Басни этой поры, подобно "Истине во дворце", перекликались по своей проблематике с публицистическими выступления автора: к примеру, "Умирающая собака", в которой обличается скупость, явно соотносится с трактатами Измайлова, посвященными практической филантропии ("Рассуждение о нищих", "Вчерашний день").
В баснях 1804-1805 гг. Измайлов, безусловно, ориентировался на традицию басен И.И.Хемницера (как известно, испытавшего значительное воздействие Геллерта и переведшего ряд его басен /169/. Характерно, что Измайлов обращается к тем басням Геллерта, которые Хемницером не переводились: он мыслил себя не соперником, а учеником и продолжателем русского баснописца (использование сюжетов, уже обработанных предшественником, в соответствии с эстетическими представлениями эпохи воспринималось бы как демонстративная заявка на соперничество) /117/.
От Хемницера Измайлов усвоил интерес к ясному новеллистическому построению басни, к разработке диалога (в противовес "болтовне" рассказчика с читателем в басне сумароковского типа), К Хем-ницеру же восходит и "простой" слог, достаточно книжный, но равно чуждый как архаической лексике, так и вульгаризмам.

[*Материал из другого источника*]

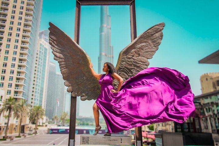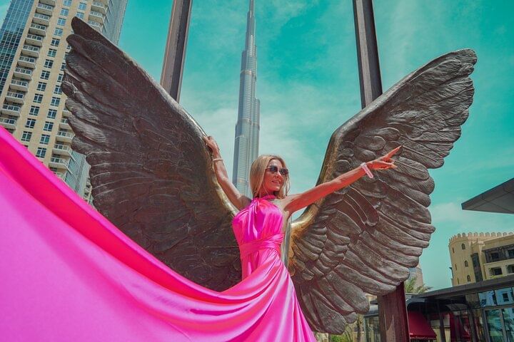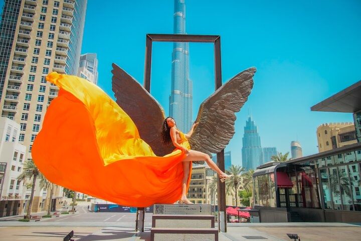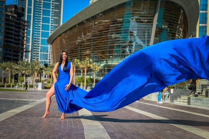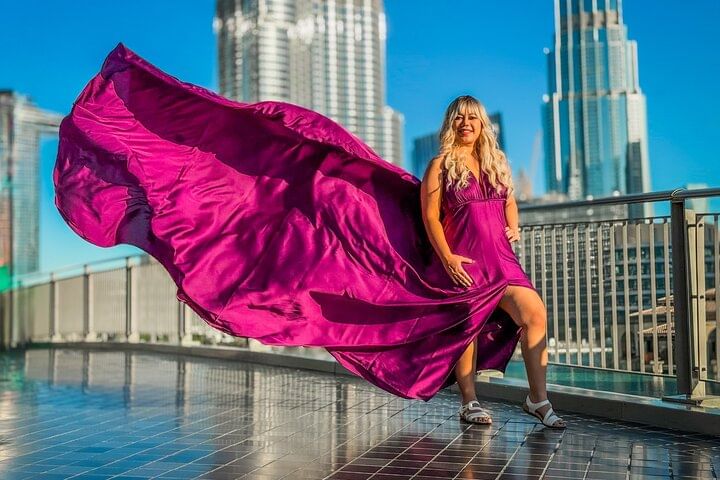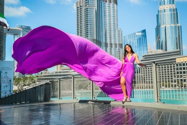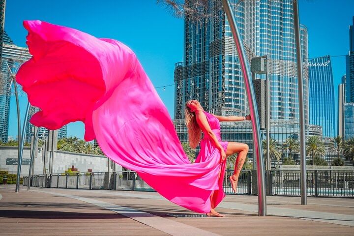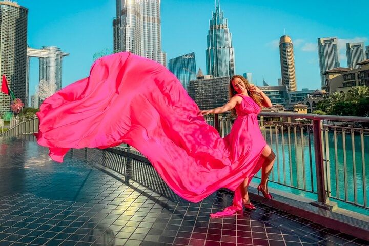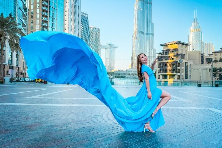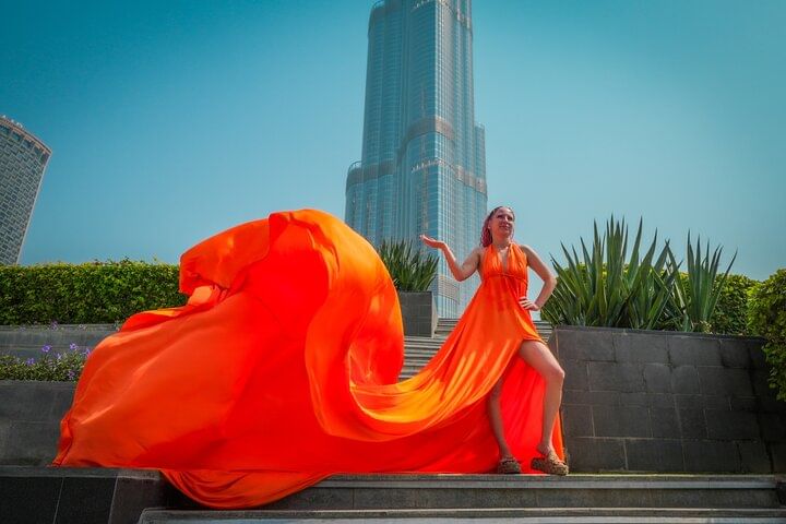 Private Flying Dress Video Shoot with a Professional Travel Videographer around the Burj Khalifa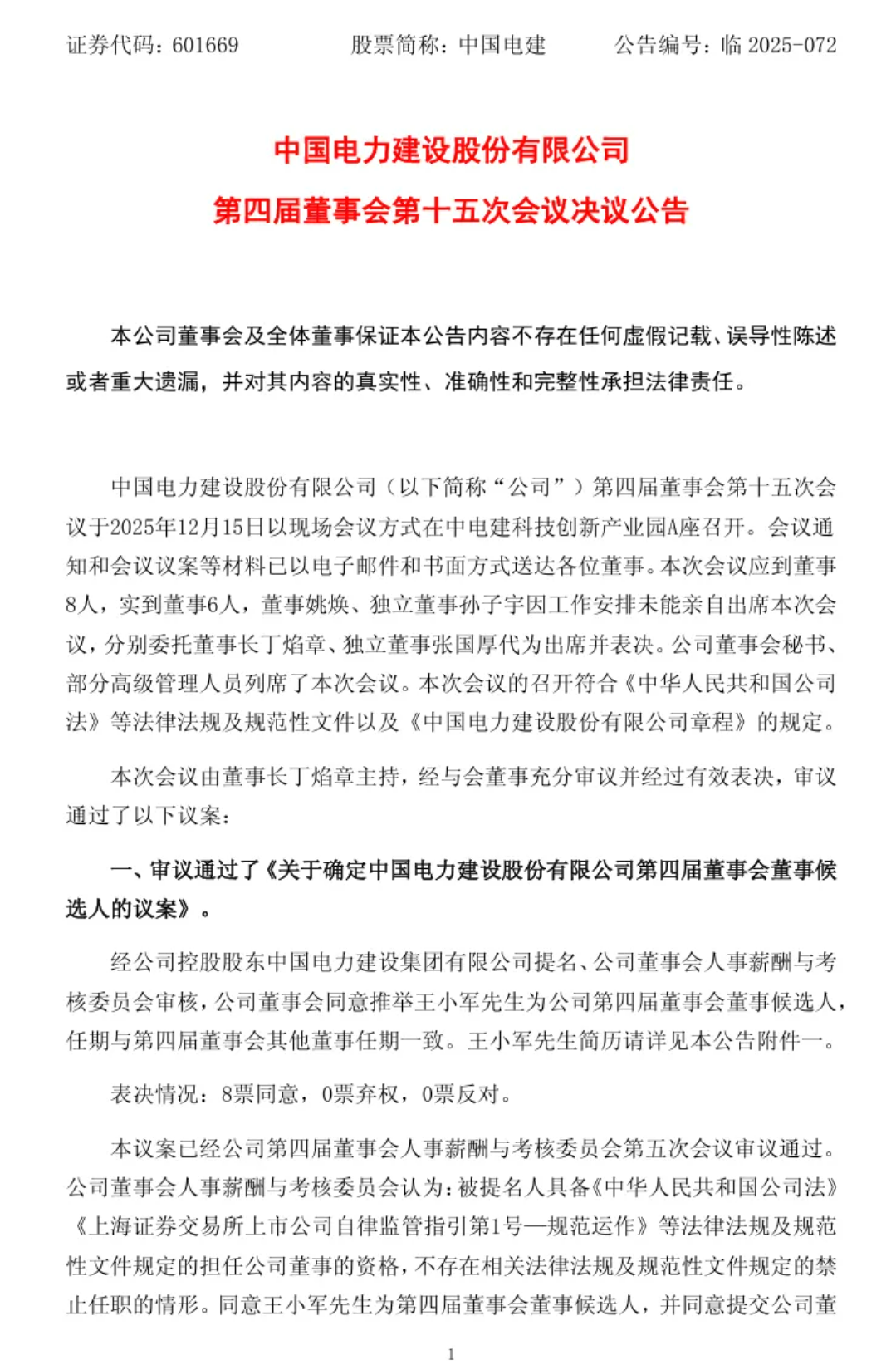 会议审议通过了《关于确定中国电力建设股份有限公司第四届董事会董事候选人的议案》。经公司控股股东中国电力建设集团有限公司提名、公司董事会人事薪酬与考核委员会审核,公司董事会同意推举王小军先生为公司第四届董事会董事候选人,任期与第四届董事会其他董事任期一致。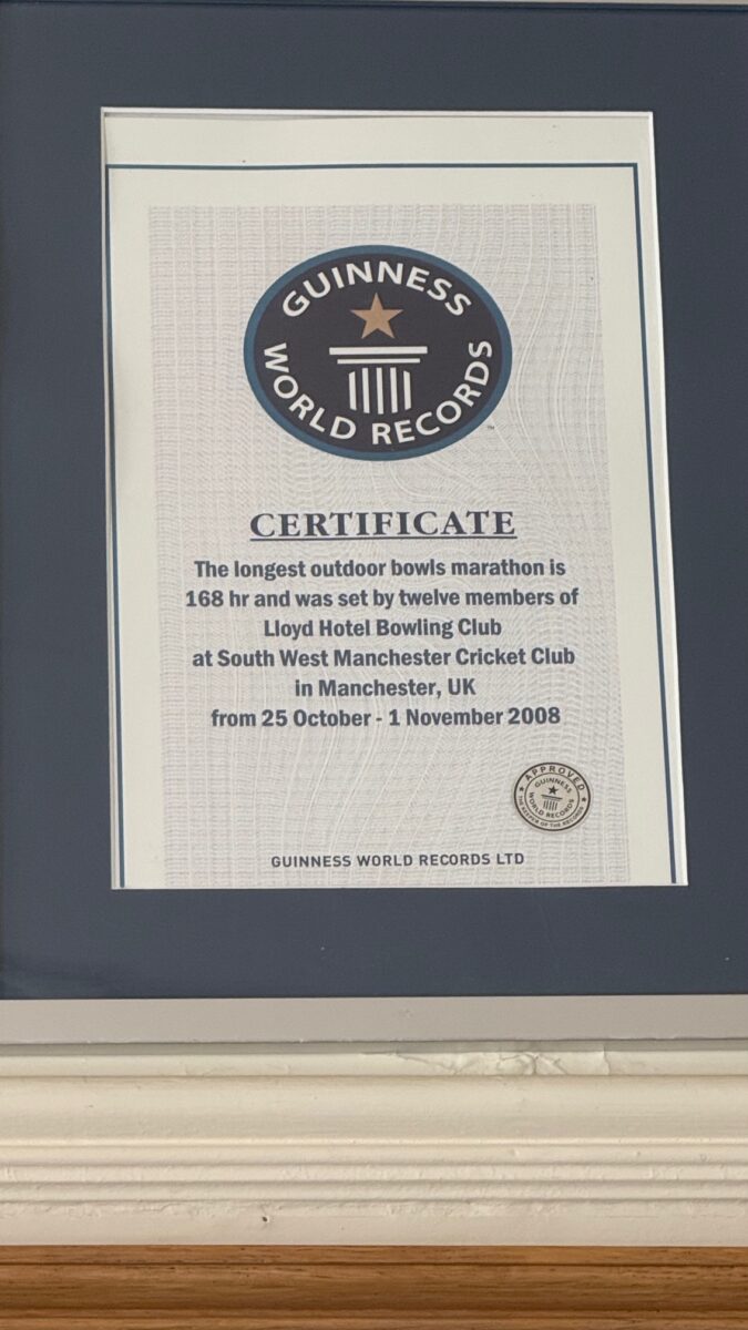 Our main fundraising has been carried out simultaneously with our attempts to beat the Guinness World Record for the longest game of outdoor bowls. Our club beat the existing record in 2003, 2006, and again in 2008 when we played non stop for 168 hours, a week!.

Несмотря на то, что басни Измайлова содержали уже некоторые новые черты, существенно отличающие их от произведений и Хемницера и Геллерта , все же обновление жанра не было проведено здесь сколько-нибудь последовательно. Известная механистичность в соединении аллегоризма и бытовой конкретности, отвлеченной моралистичнос-ти и злободневной сатиры привела к тому, что басни эти не стали сколько-нибудь значительным литературным собитием.